The missed shots stories always kill me when I think back on them. One time my dad and I were hunting geese up around Sakakawea. We were on a nice spit of land that protrudes out into the lake and had some duck and goose decoys set up in a little bay that was located on one side of the spit. Anyway.... it was a gorgous clear, blue-sky kind of day and the birds we saw flying were usually at an altitude of around 20,000 ft. it seemed. It got to be about 10 am, or so, when we spotted a small flock of geese heading our way across the water. As they approached, it became apparent that they were not terribly interested by our deeks, but didn't seem spooked by them either as the continued straight towards us. Well, I picked out the lead goose of the pack and let him get roughly within 20 - 25 yards and took a shot at him. The shot literally stopped him in his tracks. He started falling like a sack of potatoes. I then swung my gun onto another bird thinking the first one was in the bag. Before I could take another shot, the first bird suddenly revived itself, somehow, not 10 ft before hitting the ground. Seeing this, I swung my gun back to him and fired a second volley at him. It was another hit.... feathers went flying out of him and it rocked him noticably, but he kept on flying! At this point he was flying behind me, still in good range, 20 yards or so going away. I took my last shot, hitting him yet again as another wad of feathers exploded from him followed by another 5 ft. drop in altitude, but he continued flying. I watched in astonishment as the stuborn goose and its remaining companions flew off across the lake never to be seen again... by me anyway.

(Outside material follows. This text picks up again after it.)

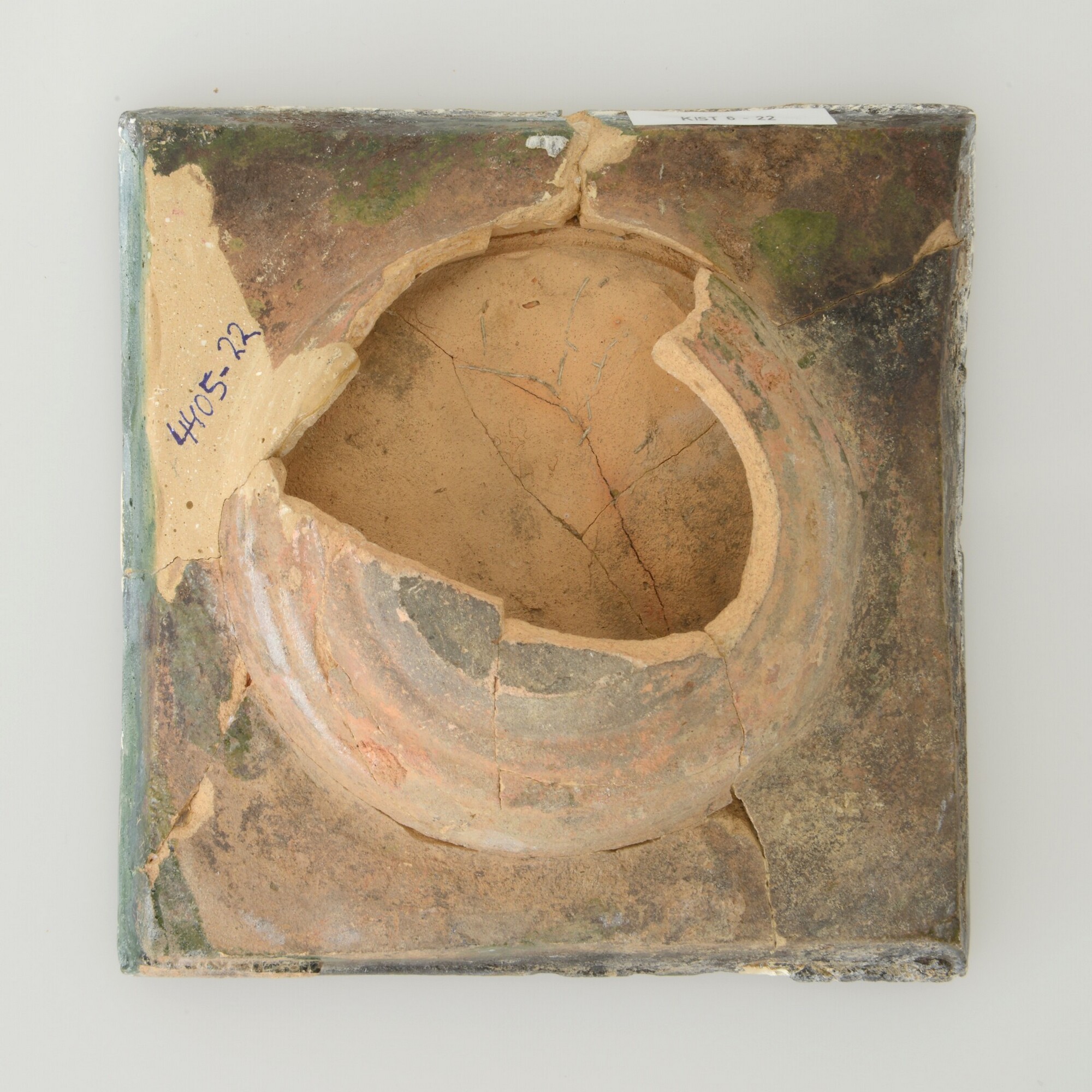 Kacheltegel; reliëftegel type A; koperhoudend loodglazuur. vierkante tegel. aan de achterzijde is hij voorzien van een kleine, op schijf gedraaide van roodbakkende klei vervaardigde schaalvorm van ongeveer 10.5 cm doorsnede bij een hoogte van 4 cm. Het reliëf toont Delila, de vrouw van Samson uit het Bijbelverhaal zittend op een leeuw en met een afgebroken ...

My dad ended up with 2 birds during the time I was engaged in mortal combat with the goose that just wouldn't come down.


----------



## jamartinmg2 (Oct 7, 2004)

Since my last story had absolutely nothing to do with pheasant hunting I suppose I should add a pheasant story, too. Last year (2003 season) I had my golden out for his first foray to ND. He was doing pretty well, but tended to stay at my heal a bit after getting tired out. Anyway, it was our last day out, and we we were walking some nice cover alongside a slew. All of a sudden Casey... my golden, starts getting "birdy". He leads me roughly 50 to 60 yards over some fairly open ground to a nice small patch of cattails. Well, there was nowhere else the bird could be, so I am just waiting, anticipating something getting up. The dog immediately dives into the cattails and sure enough a rooster flushes. I took a bead on it and fired.... nothing. Staying calm, I line up and take my second shot... strike two... nothing. By now I've completely lost all confidence in my shooting ability but had to take my third and final shot for prides sake. I fire again.... nothing. By then my golden is out of the cattails. I swear he looked at me with that "What kind of shooting was that?" kind of look.


----------



## zogman (Mar 20, 2002)

I enjoy the stories, but I keyboard so bad bear with me.

The year: October 1963

The main players: Three junior boys, a beautiful sophomore blond, a 10 month old german shothair pointer.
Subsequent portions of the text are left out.